% fig-i-32.tex — I.32: triangle angle sum (parallel through apex).
\begin{figure}[H]
\centering
\begin{tikzpicture}[scale=1.2, line cap=round]
  \coordinate (A) at (-1.5, 0);
  \coordinate (B) at (2.0, 0);
  \coordinate (C) at (0.5, 2.4);
  \coordinate (D) at ($(C)!-1.4!(A)$); % line through C parallel to AB, on left
  \coordinate (E) at ($(C)!-1.4!(B)$); % line through C parallel to AB, on right
  % Triangle.
  \draw[very thick] (A) -- (B) -- (C) -- cycle;
  % Parallel through C, drawn long.
  \draw[thin] ($(C)!-0.7!(B)$) -- ($(C)!1.5!(B)$);
  % Side AB extended beyond B to F to expose exterior angle.

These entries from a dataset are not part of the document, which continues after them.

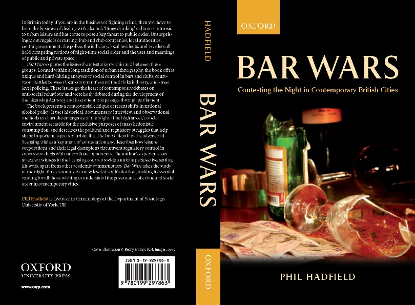 “…Phil Hadfield is a prolific and highly engaging writer on Britain’s night-time economy...Bar Wars is a highly recommended tour-de-force…Hadfield systematically unpicks the minutiae of the historical, social, cultural, economic and legal forces which have shaped our contemporary urban spaces at night, and opens up intellectual space for further critical engagement with the consequences of, and possible alternatives to, the commercialisation of British high streets...As public health and public order concerns around British alcohol consumption continue, carefully researched, theoretically innovative, considered accounts of Britain’s night-time economy such as Bar Wars are much needed by those seeking to understand how we find ourselves in this drink-sodden, vomit-splattered mess, and how we may, if not get out of it, at least minimise its harmful effects”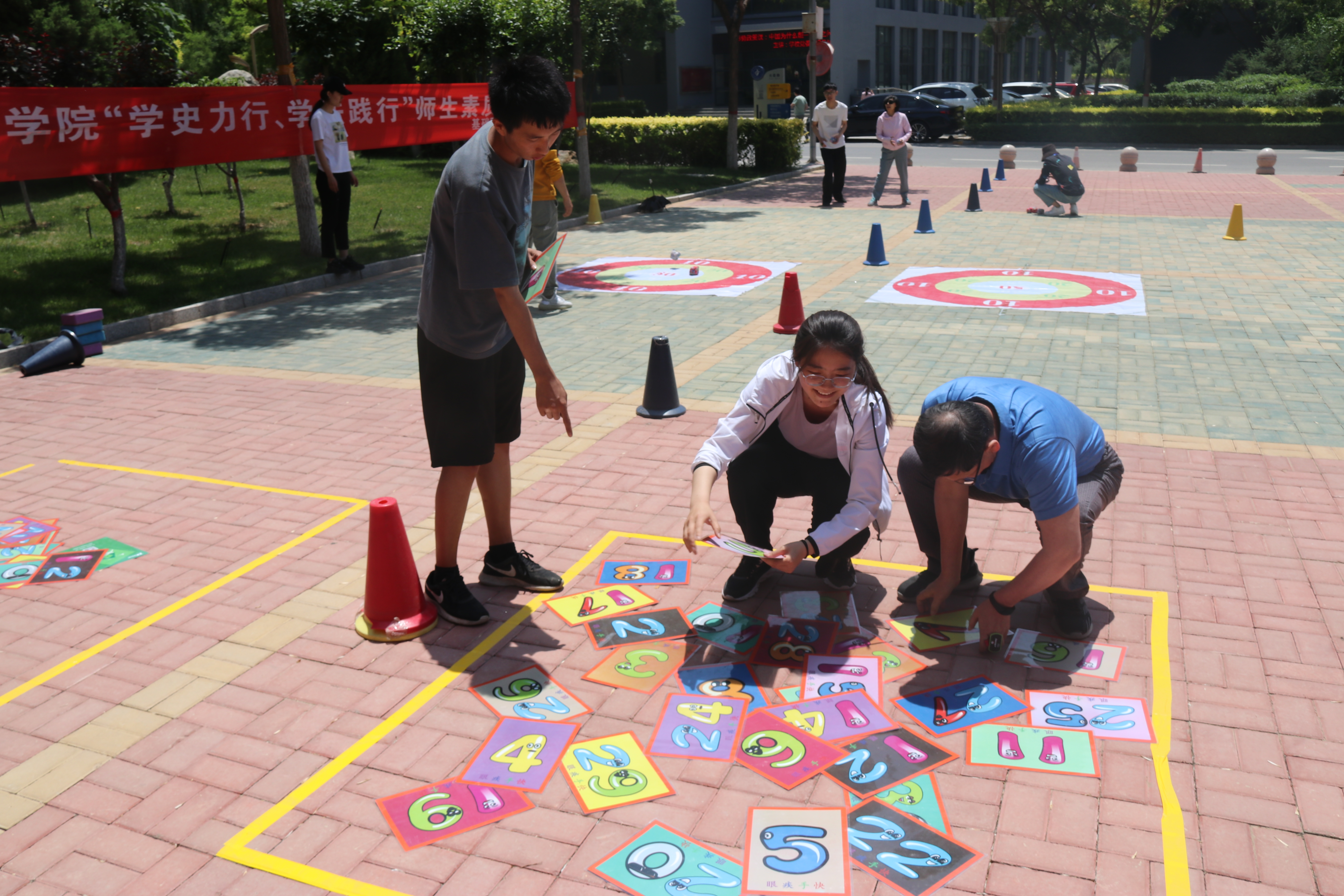 学院党委书记周文韬宣布活动正式开始,拉开了本次比赛的序幕。在工作人员的组织下,参赛师生现场自由组成双人比赛小组,积极有序地参加到比赛中,相互配合、共同闯关。参赛小组需完成定点打卡闯关活动和线上民法典知识答题,以用时最少者为获胜者。闯关活动包括手脚并用、摸石过河、一击必中、眼疾手快,不仅是参赛队员身体素质的比拼,更考验了两个人的配合和反应。活动现场,参赛师生热情高涨、不畏炎热、顽强拼搏。经过紧张激烈的比赛,学院院长刘娟老师和马彩芬同学获得第一名。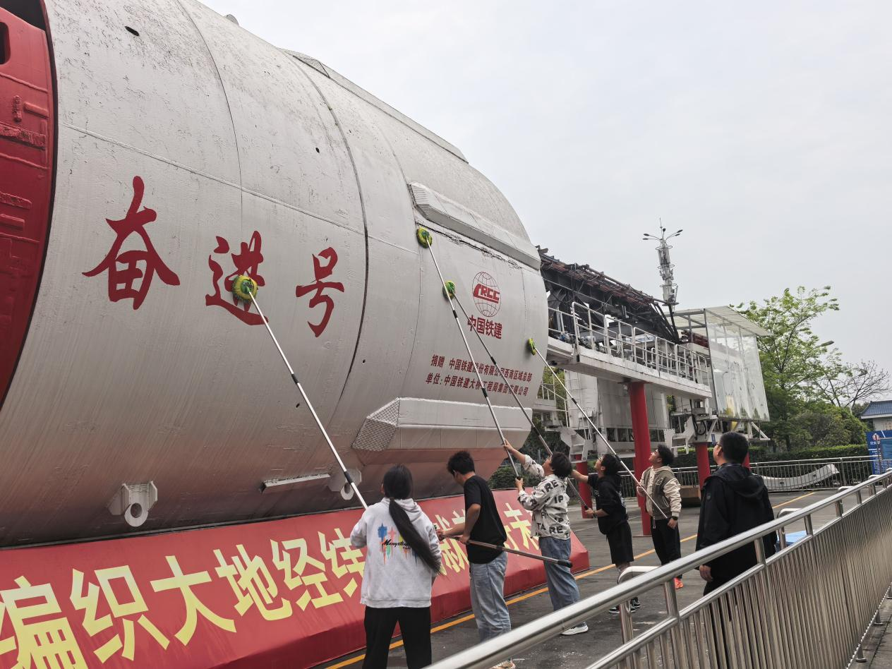 为深入贯彻落实习近平总书记关于劳动教育的重要论述,充分发挥基层党组织战斗堡垒作用和党员先锋模范作用。近日,机电系党总支组织师生党员志愿者,带领智装社团、拓道者车队骨干成员,利用课间及午休时间对校内“奋进号”盾构机开展深度清洁维护,以“党建红”引领“劳动美”,以“实践行”培育“工匠心”,落实党建+劳动育人的生动实践。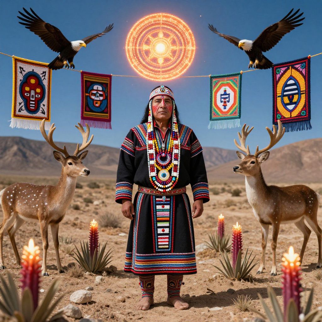 Huichol shaman in traditional attire, surrounded by sacred animals like deer and eagles, mystical desert environment with peyote plants, glowing yarn paintings floating around, intricate beadwork textures, magical realism style with vibrant colors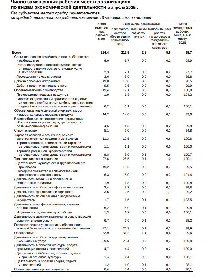 Анализ структуры занятости в крупных организациях (с численностью работников более 15 человек) показал, что в апреле 2025 года из общего числа замещенных рабочих мест 215,9 тысячи человек (96,2%) работали по основному месту работы, а 8,4 тысячи человек (3,7%) были заняты на условиях совместительства или по гражданско-правовым договорам. "Наибольшая доля рабочих мест внешних совместителей и лиц, выполнявших работы по гражданско-правовым договорам, наблюдалась в финансовой и страховой деятельности (31%), в деятельности в области спорта, отдыха и развлечений (13%)", - сообщает источник.
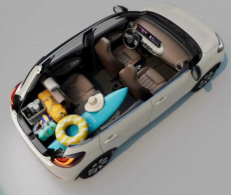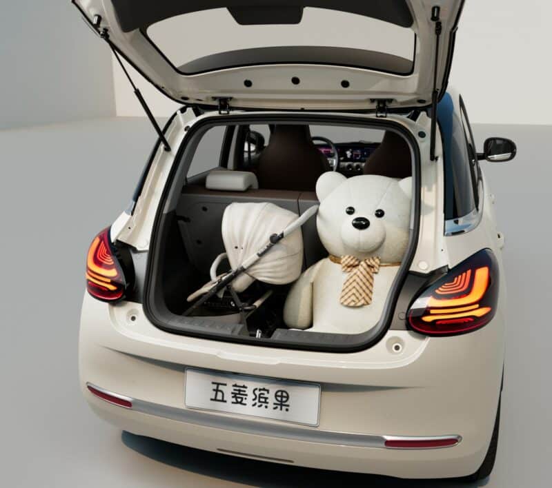 Không gian để hành lý của xe điện Wuling Bingo 2023 rất rộng, điều này đã được hãng ngụ ý bằng việc để một con thú nhồi bông cực lớn và một chiếc xe đẩy trẻ em đã được xếp lại trong khoang hành lý. Ngoài ra, Wuling cũng sẽ bán một chiếc ghế ô tô được thiết kế đặc biệt cho băng ghế sau của Bingo dành cho gia đình nào lo lắng không có chỗ cho con nhỏ mình ngồi.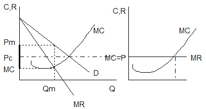 . Соотношение Р и МС при монополии и совершенной конкуренции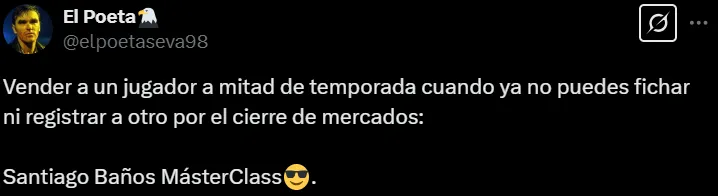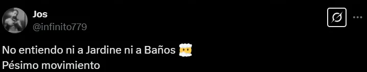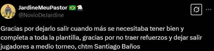 Así, se pudieron leer mensajes apuntados hacia Santiago Baños, presidente deportivo del América, e incluso contra André Jardine, DT artífice del tricampeonato. “La inteligencia deportiva está de adorno”, “una vez más dejando ir a un jugador a medio torneo”, “gracias por dejarlo salir cuando se necesita tener bien y completa a toda la plantilla” y “pésima gestión”, fueron algunos de los recados de los aficionados azulcremas.

  \coordinate (F) at ($(A)!1.4!(B)$);
  \draw[thin] (B) -- (F);
  % Labels.
  \node[below left]  at (A) {$A$};
  \node[below right] at (B) {$B$};
  \node[above]       at (C) {$C$};
  \node[below right] at (F) {$F$};
  \node[above left]  at ($(C)!-0.7!(B)$) {$D$};
  \node[above right] at ($(C)!1.5!(B)$) {$E$};
\end{tikzpicture}
\caption{Proposition I.32. Drawing $DE$ through $C$ parallel to $AB$
makes $\angle DCA = \angle CAB$ (alternate, I.29) and $\angle ECB =
\angle ABC$ (alternate, I.29); the straight angle at $C$ then sums
the three interior angles of $\triangle ABC$ to two right angles.}
\label{fig:I.32}
\end{figure}